开发者

XML output from MySQL query

is there any chanc开发者_如何学运维e of getting the output from a MySQL query directly to XML?

Im referring to something like MSSQL has with SQL-XML plugin, for example:

SELECT * FROM table WHERE 1 FOR XML AUTO

returns text (or xml data type in MSSQL to be precise) which contains an XML markup structure generated according to the columns in the table.

With SQL-XML there is also an option of explicitly defining the output XML structure like this:

SELECT
  1       AS tag,
  NULL    AS parent,
  emp_id  AS [employee!1!emp_id],
  cust_id    AS [customer!2!cust_id],
  region    AS [customer!2!region]
 FROM table
 FOR XML EXPLICIT

which generates an XML code as follows:

<employee emp_id='129'>
   <customer cust_id='107' region='Eastern'/>
</employee>

Do you have any clues how to achieve this in MySQL?

Thanks in advance for your answers.


The mysql command can output XML directly, using the --xml option, which is available at least as far back as MySql 4.1.

However, this doesn't allow you to customize the structure of the XML output.
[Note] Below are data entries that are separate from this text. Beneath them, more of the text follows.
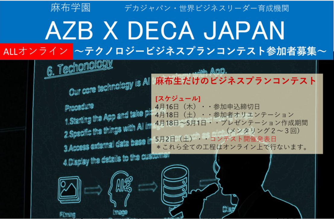 5/2開催 休校中の高校生に「ピンチをチャンスにする力」を授けるべく、アントレ(起業)教育を提供している「DECA JAPAN」が麻布高生とコラボし、オンラインコンテストを初開催します 「よりよき世界を実現したい」高校生たちの挑戦をサポートしている教育機関「DECA JAPAN」 (和歌山市)は、「麻布学園高校」(東京・港区)の生徒とタッグを組んだオンライン・ビジネ スプランコンテスト「AZB ×DECA JAPAN」を、2020年5月2日(土)にZoom開催します。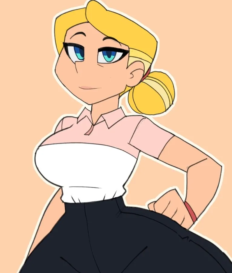 That's when her expression changed. Her warm concern faded into a playful curiosity. Her eyes flicked over you, top to bottom, with a slow, mischievous gleam in them. Her lips curved into a smirk as she crossed her arms casually.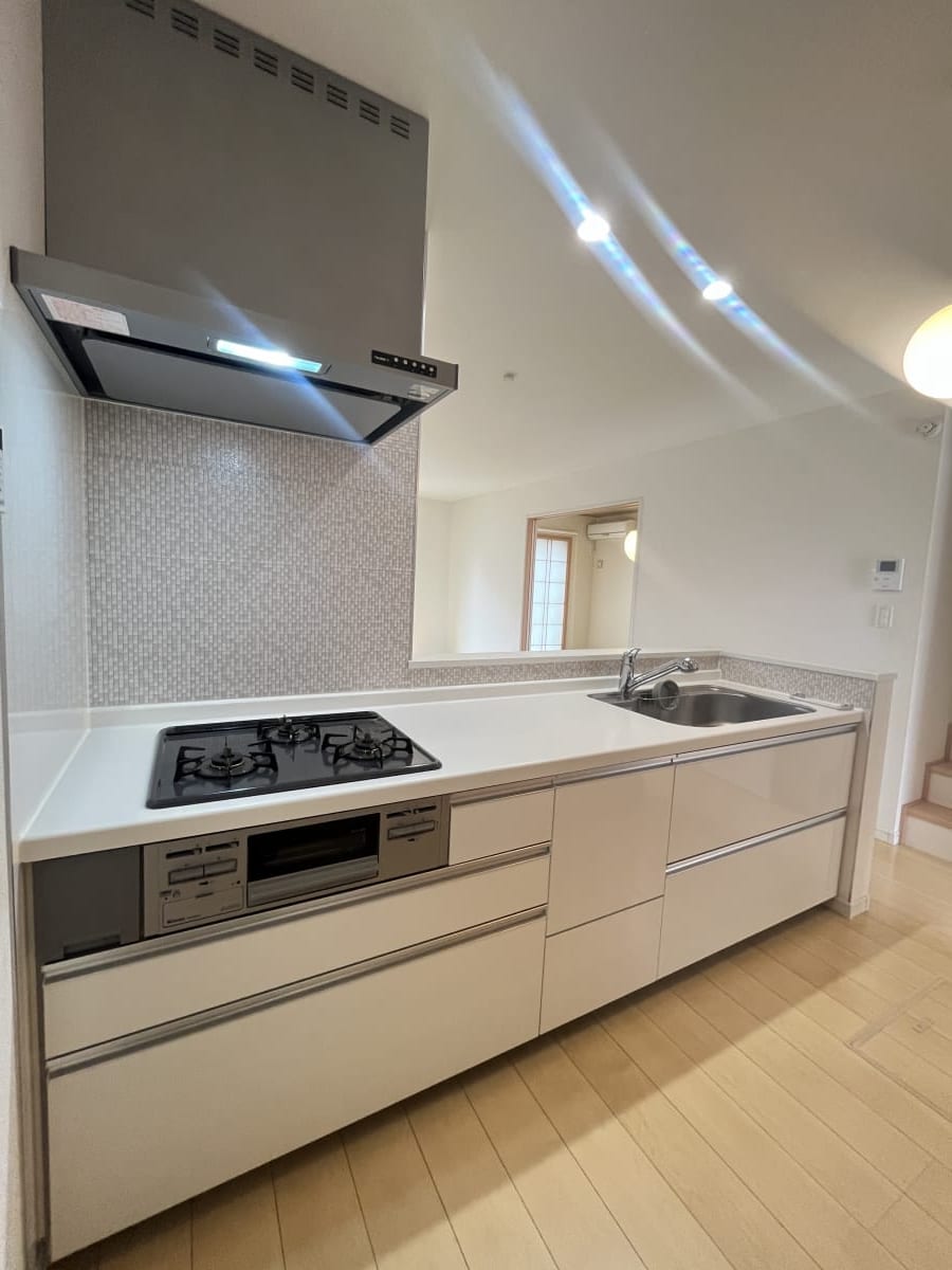 | 設備・条件 | 2人入居可 ペット可能 ファミリー向け 全居室収納 収納豊富 トイレ2ヶ所 カウンターキッチン リビング15帖以上 南面バルコニー 駐車2台可能 居住用物件 システムキッチン 洗髪洗面化粧台 バス専用 シャワー 浴室乾燥機 トイレ専用 バス・トイレ別 温水洗浄便座 床下収納 W.INクローゼット 室内洗濯機置き場 洗濯機置き場有 TVドアホン 都市ガス 公営水道 排水下水 駐車場有 バルコニー 南向きに付き陽当り良好、通風良好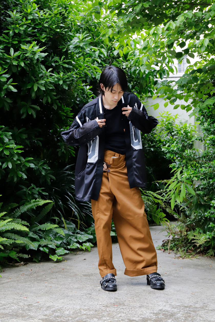 本次“874”工装裤增添了背带设计,并饰有刺绣作为点缀,风格潮酷不失活力,而工装短裤灵感来源于 FACETASM 大热短裤款式,皮质环扣元素融入,创意爆棚。

It will output something like this:

<?xml version="1.0"?>
<resultset statement="SELECT * FROM orders" xmlns:xsi="http://www.w3.org/2001/XMLSchema-instance">
  <row>
    <field name="emp_id">129</field>
    <field name="cust_id">107</field>
    <field name="region">Eastern</field>
  </row>
</resultset>

And you want:

<?xml version="1.0"?>
<orders>
  <employee emp_id="129">
    <customer cust_id="107" region="Eastern"/>
  </employee>
</orders>

The transformation can be done with XSLT using a script like this:

<?xml version="1.0"?>
<xsl:stylesheet xmlns:xsl="http://www.w3.org/1999/XSL/Transform" version="1.0">

  <xsl:output indent="yes"/>
  <xsl:strip-space elements="*"/>

  <xsl:template match="resultset">
    <orders>
      <xsl:apply-templates/>
    </orders>
  </xsl:template>

  <xsl:template match="row">
    <employee emp_id="{field[@name='emp_id']}">
      <customer
        cust_id="{field[@name='cust_id']}"
        region="{field[@name='region']}"/>
    </employee>
  </xsl:template>

</xsl:stylesheet>

This is obviously way more verbose than the concise MSSQL syntax, but on the other hand it is a lot more powerful and can do all sorts of things that wouldn't be possible in MSSQL.
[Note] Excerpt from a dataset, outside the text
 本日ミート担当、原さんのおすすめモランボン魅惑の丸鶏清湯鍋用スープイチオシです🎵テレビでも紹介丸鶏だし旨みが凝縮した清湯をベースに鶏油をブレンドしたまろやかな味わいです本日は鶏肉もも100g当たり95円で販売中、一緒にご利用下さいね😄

If you use a command-line XSLT processor such as xsltproc or saxon, you can pipe the output of mysql directly into the XSLT program. For example:

mysql -e 'select * from table' -X database | xsltproc script.xsl -


Using XML with MySQL seems to be a good place to start with various different ways to get from MySQL query to XML.

From the article:

   use strict;
   use DBI;
   use XML::Generator::DBI;
   use XML::Handler::YAWriter;

   my $dbh = DBI->connect ("DBI:mysql:test",
                           "testuser", "testpass",
                           { RaiseError => 1, PrintError => 0});
   my $out = XML::Handler::YAWriter->new (AsFile => "-");
   my $gen = XML::Generator::DBI->new (
                                   Handler => $out,
                                   dbh => $dbh
                               );
   $gen->execute ("SELECT name, category FROM animal");
   $dbh->disconnect ();


Do you have any clue how to achieve this in MySQL?

Yes, go by foot and make the xml yourself with CONCAT strings. Try

SELECT concat('<orders><employee emp_id="', emp_id, '"><customer cust_id="', cust_id, '" region="', region, '"/></employee></orders>') FROM table

I took this from a 2009 answer How to convert a MySQL DB to XML? and it still seems to work. Not very handy, and if you have large trees per item, they will all be in one concatenated value of the root item, but it works, see this test with dummies:

SELECT concat('<orders><employee emp_id="', 1, '"><customer cust_id="', 2, '" region="', 3, '"/></employee></orders>') FROM DUAL

gives

<orders><employee emp_id="1"><customer cust_id="2" region="3"/></employee></orders>

With "manual coding" you can get to this structure.

<?xml version="1.0"?>
<orders>
  <employee emp_id="1">
    <customer cust_id="2" region="3" />
  </employee>
</orders>

I checked this with a larger tree per root item and it worked, but I had to run an additional Python code on it to get rid of the too many openings and closings generated when you have medium level nodes in an xml path. It is possible using backward-looking lists together with entries in a temporary set, and I got it done, but an object oriented way would be more professional. I just coded to drop the last x items from the list as soon as a new head item was found, and some other tricks for nested branches. Worked.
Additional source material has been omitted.